I do think that state primary is a good move as there are so many good ones in London and if your child is hoping private at 11+ they will have experienced a much broader spectrum of life.
My daughter is at state primary and she was preparing for SATs when the prep school kids were preping for indie schools. Yes she may have been at a disadvantage when applying for private school but she got in on her own merit.
She has been to massive Nigerian family parties and belly danced at an Algerian female only birthday party. She loves Jollof rice and jerk chicken. Yes she also has two kids in her class who's Mums died during her period at school. Kids with Dads in prison and a drug using parent coming into the school off his head having a go at the teacher in class.
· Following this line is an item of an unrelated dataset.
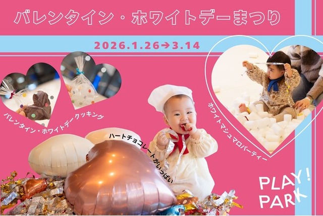 未知との出会いがコンセプト、子どもが自由な発想で遊べる屋内キッズパーク「PLAY! PARK(プレイパーク)」の企画・運営を行う、エイアンドビーホールディングス株式会社(本社:東京都目黒区、社長:野田 純)は、2026年1月26日(月)~3月14日(土)まで、0~2歳の子どもとそのご家族を対象に、季節イベント「バレンタイン・ホワイトデーまつり」を実施します。

She has heard gossip about kids at the local secondary taking a gun to another school as they are having a 'beef'. None of this has done her any harm but I hope it has opened her eyes to other peoples circumstances and made her aware of how fortunate she is. I am confident that she will move onto the private secondary option with her eyes open.

morethanpotatoprints · 15/04/2015 23:43

If I was in your shoes definitely private.
We could never afford it and had the worst school at the worst time for one of our ds, I wouldn't wish it on anyone.
It was similar to the one you described, and they did the best they could with what they had. Your child deserves to reach their potential and some schools can't offer this.

DrLego · 15/04/2015 23:52

I went with an 'outstanding' church primary (am not religious) I have no idea how we scraped a place. I dithered because I got a really bad feeling about it before joining, after a parents induction day, just a bad vibe that I didn't get when I spoke to another school. In hindsight I was terribly foolish to ignore this and I have regretted it. Look at location, workability in terms of hours etc. Don't pin too much on the perceptions you have about a school from reports, but do try and visit schools. I am really trying to move DS school as in year application but entirely impossible. If all else fails I'd go private but I think state primary certainly for early years is fine no matter where they go.

OutragedFromLeeds · 16/04/2015 00:07

For me it would depend on why the state schools are bad.

If they're bad academically it wouldn't concern me too much at this age. You can easily help your DC to catch up afterschool and on the weekend. I'd maybe look at a private school for the juniors, but wouldn't waste my money for infants.

If it's bad in terms of pastoral care e.g. problems with bullying etc. then I would go for the private school. Unlike the academic side, you can't fix the emotional damage that will be done by this sort of bad school at home.

I would worry only about his happiness at this point. How happy will he be at each school and how much would he like more space at home/holidays/days out etc? How will the money most add to his happiness.

You can worry about academics a bit later.

SingingHinnies · 16/04/2015 00:11

My 3 dcs all went to a state school which went from outstanding to satisfactory to good whilst ive been there, i would say they have all had the same standard of teaching but since the new head arrived the school has been fantastic. My middle dc struggled all through the infants and was way behind, i battled with the head and SEN dept to try and help her but just got no help, the new head came and she got all the kids who were behind checked out, changed the SEN dept and teacher. My dd got outside help as she possibly has some processing problems, end of year 4 with the extra help everything just clicked, shes in YR6 now and expected to get 5's in her sats, something i never ever thought possible, her teacher said she has never seen a child go up so many reading levels so fast or come back so fast from being so far behind. The new head really helped her. I guess what i am trying to say is a lot can change quickly, schools in measures usually get extra help, a new head can do wonders, certain techers in a rubbish school can be excellent

Wibblypiglikesbananas · 16/04/2015 00:37

I'd go private, if you can afford it. See what tomorrow brings but I wouldn't take the risk with the 'bad' schools you have described. It's a crying shame all state schools aren't of a decent standard but given they're not, do the best you can for your children.